Di masa akhir Majapahit yang ditandai menguatnya pengaruh adipati-adipati muslim di pesisir utara jawa, terdapat perubahan-perubahan dalam menyebut para penguasa yang di dalamnya jelas terdapat maksud pengislaman terhadap anasir-anasir kepercayaan dewaraja. Sebutan ratu, adipati, narapati, prabhu, dan susuhunan yang semula dianggap berkaitan dengan titisan dewa, telah direduksi menjadi sekedar sahabat-sahabat Allah (Wali Allah). Raja bukan lagi dianggap titisan dan penjelmaan tuhan, tetapi hanya sahabat-sahabat Tuhan (Allah). Jabatan kepala wisaya yang semula adalah buyut, diganti menjadi Gede atau Ageng atau Umbul. Berbeda dengan para buyut yang jika meninggal dipuja di kabuyutan, para Ki Gede dan Ki Ageng atau Umbul, jika meninggal tidak dipuja. Begitu juga jabatan kepala desa yang disebut rama, diubah menjadi lurah yang jika meninggal tidak lagi dipuja sebagai punden.
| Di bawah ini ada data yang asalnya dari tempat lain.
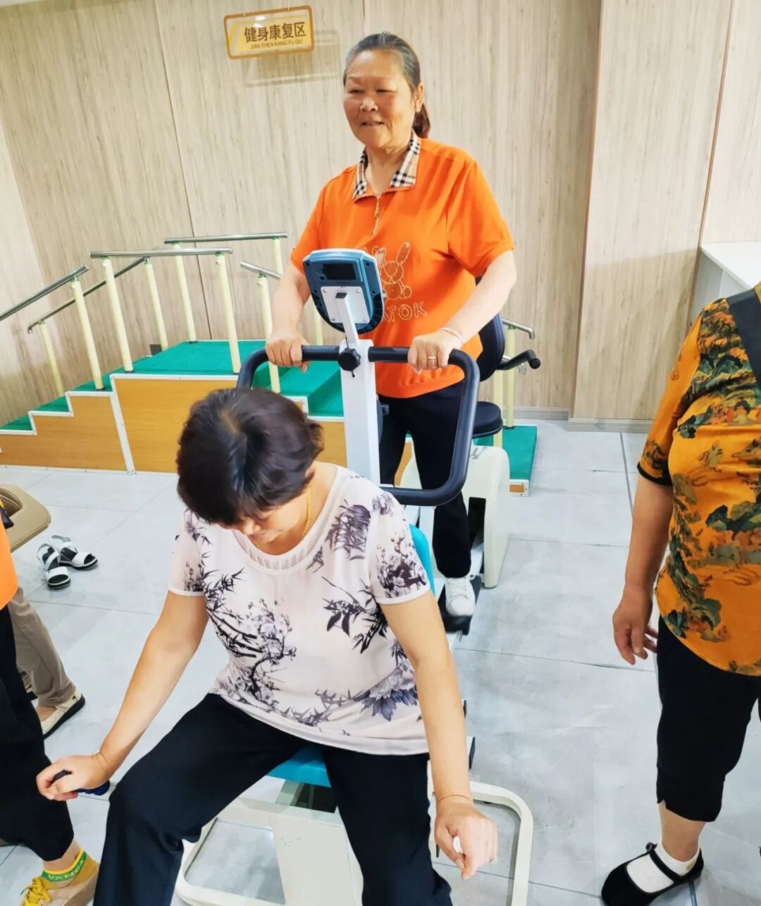 食堂还配备一名村医担任健康指导员,通过开展义诊咨询、测量血压血糖等方式,为老人提供更多人性化的健康服务;在食堂二楼分区设置了棋牌娱乐室、健身康复区,安装了按摩椅等设施,为老人提供全方位的服务,满足老年人物质和精神双重需求,让老人们老有所依、老有所乐。

Dengan uraian ini, jelaslah bahwa sebutan Susuhunan tidaklah dimaksudkan sebagai gelar formal bagi para Wali Allah, karena sepanjang sejarah Islam belum pernah ada seorang Wali Allah mendapat gelar formal yang bisa dikenal masyarakat umum untuk menunjukkan kedudukannya sebagai kekasih Allah. Keberadaan seorang Wali Allah, justru disembunyikan dari pengetahuan umum. Dengan demikian, dalam konteks makna Wali Songo dan sebutan susuhunan itu, sesungguhnya dapat dilihat jejak-jejak suatu strategi dakwah Islam untuk mengubah kepercayaan dewaraja menjadi tauhid Islam. Dalam pengertian bahwa para adipati atau raja itu bukanlah titisan Tuhan, tetapi sekedar sahabat-sahabat Tuhan. Itu tidak berarti keberadaan Sunan Ampel sebagai Wali Allah dinafikan oleh pandangan ini, sebab kedudukan Wali Allah di dalam keyakinan Islam tidak dibatasi oleh kedudukan orang sebagai raja atau tidak. Kewalian seseorang adalah rahasia Ilahi.
Sumber tulisan:
Agus Sunyoto, Sunan Ampel Raja Surabaya: Membaca Kembali Dinamika Perjuangan Dakwah Islam di Jawa Abad XIV-XV M., Surabaya: Diantama, 2004.